Note: A commonly encountered problem on ASRs, with respect to the anti-replay window size, is that the classic ASR1K models (such as the ASR1K with ESP5, ESP10, ESP20, and ESP40, along with the ASR1001) do not actually support a window size of 1024. Even though the command allows you to set this limit to 1024, the window size is reset to 512 by the hardware. Because of this, the window size that is reported in the show crypto ipsec sa command output might not be correct. Enter the show crypto ipsec sa peer ip-address platform command in order to verify the hardware anti-replay window size. The default window size is 64 packets on all platforms. For more information, refer to Cisco bug ID CSCso45946. Newer ASR1K models (such as the ASR1K with ESP100 and ESP200, the ASR1001-X and ASR1002-X, and also the ISR-4400) do support a window size of 1024 packets in Versions 15.2(2)S and later.

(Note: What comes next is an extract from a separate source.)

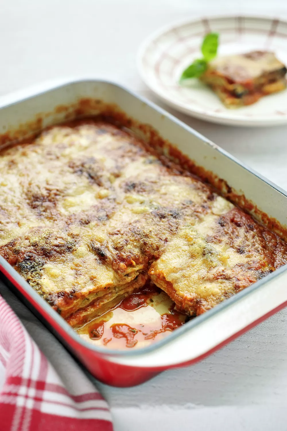 Deze parmigiana met groenten is een mediterraanse ovenschotel van krokant gebakken aubergines, een rijke tomatensaus met Parmezaankorst en een goudbruine laag geraspte Parmezaan. De saus wordt rustig gestoofd met ui, look en basilicum, de aubergines worden gepaneerd en gebakken en daarna in lagen gegratineerd in de oven. Ideaal als smaakvol hoofdgerecht bij zomerse diners of in kleine porties als elegant voorgerecht.
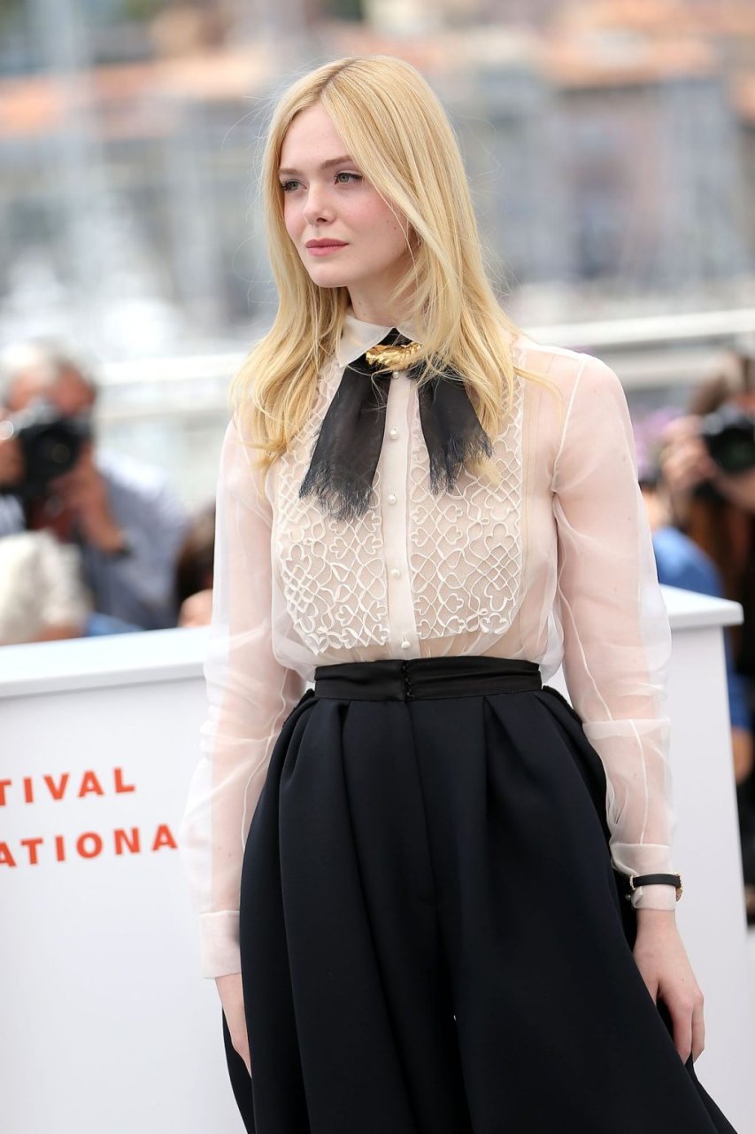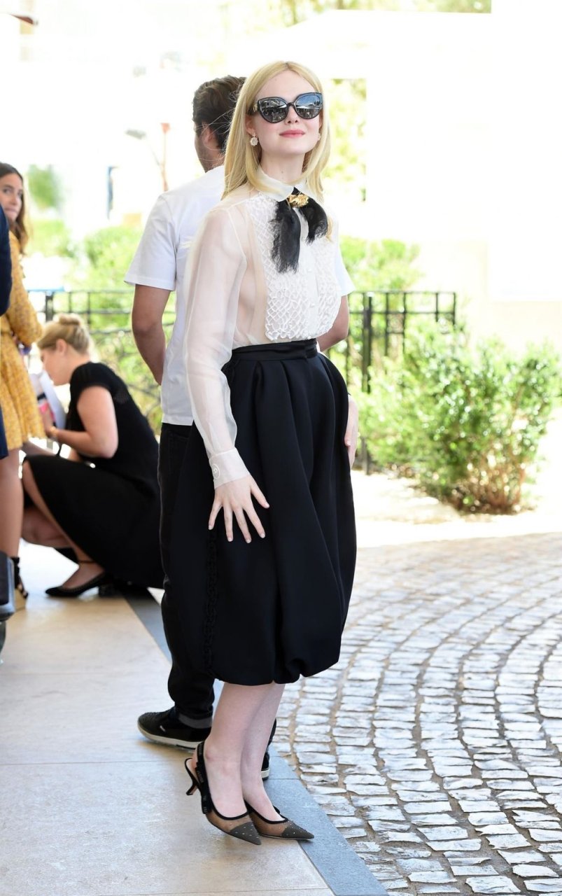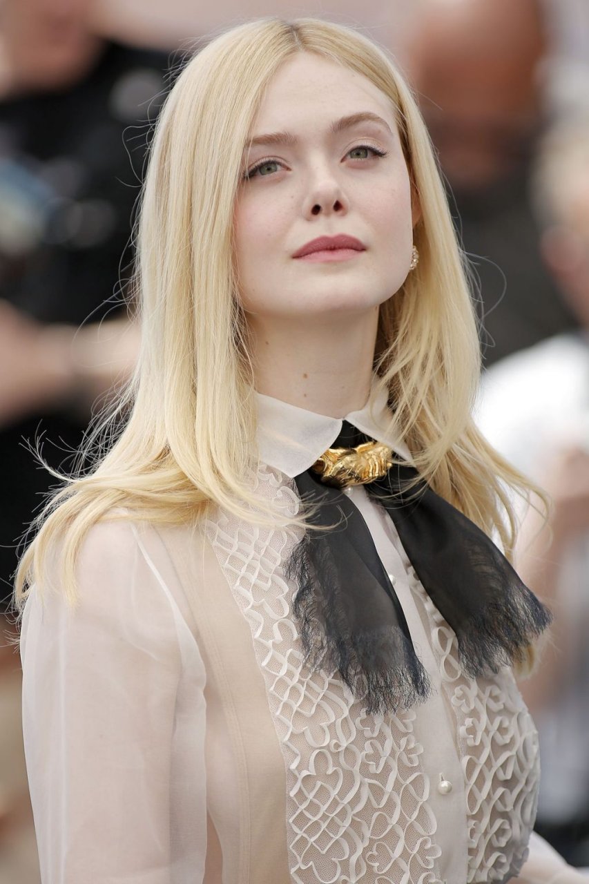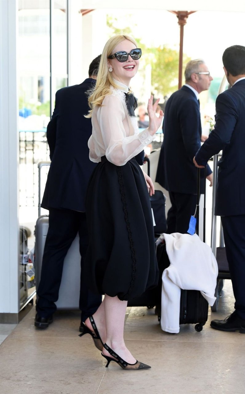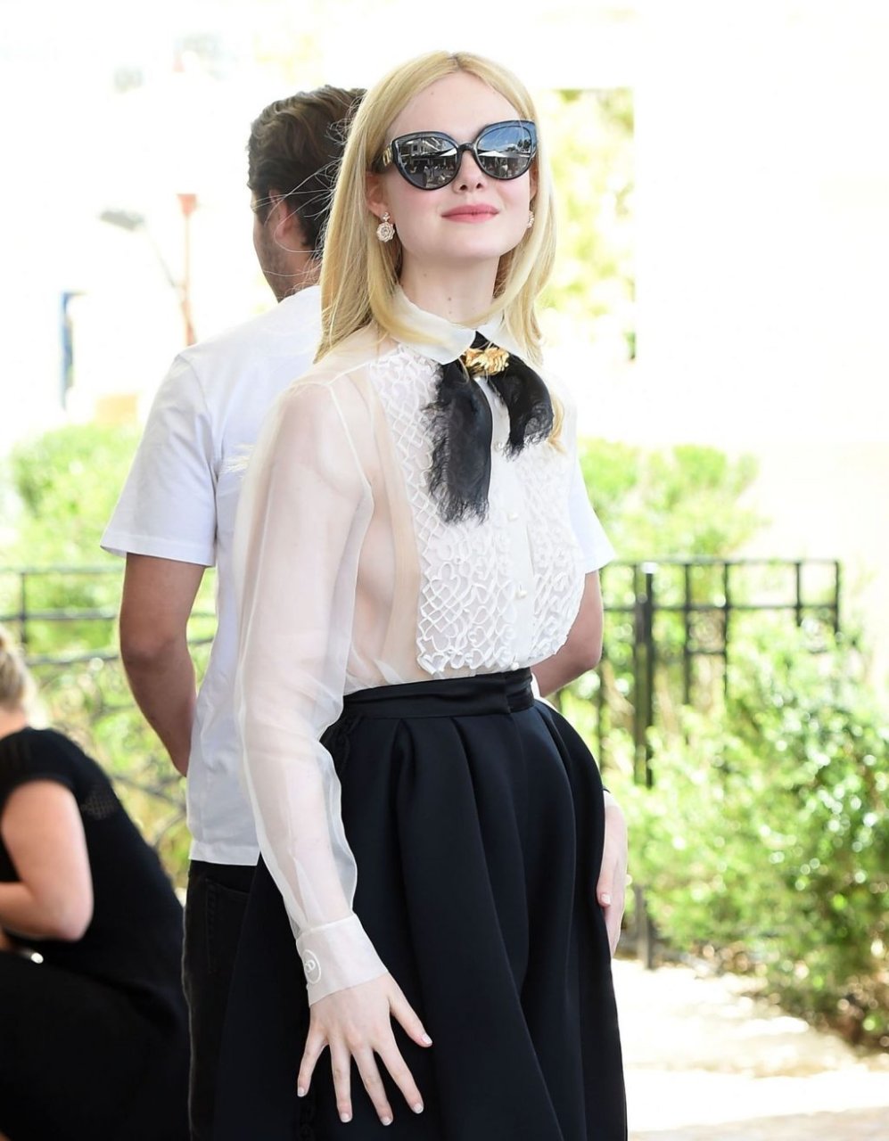 La actriz estadounidense Elle Fanning está sonriendo mientras sale del Hotel Martinez durante el Festival de Cine de Cannes 2019. Luego, Elle fue fotografiada posando en la sesión de fotos.

Note: Replay check failures are only seen when an authentication algorithm is enabled in the IPSec transform set. Another way to suppress this error message is to disable authentication and perform encryption only; however, this is strongly discouraged due to the security implications of disabled authentication.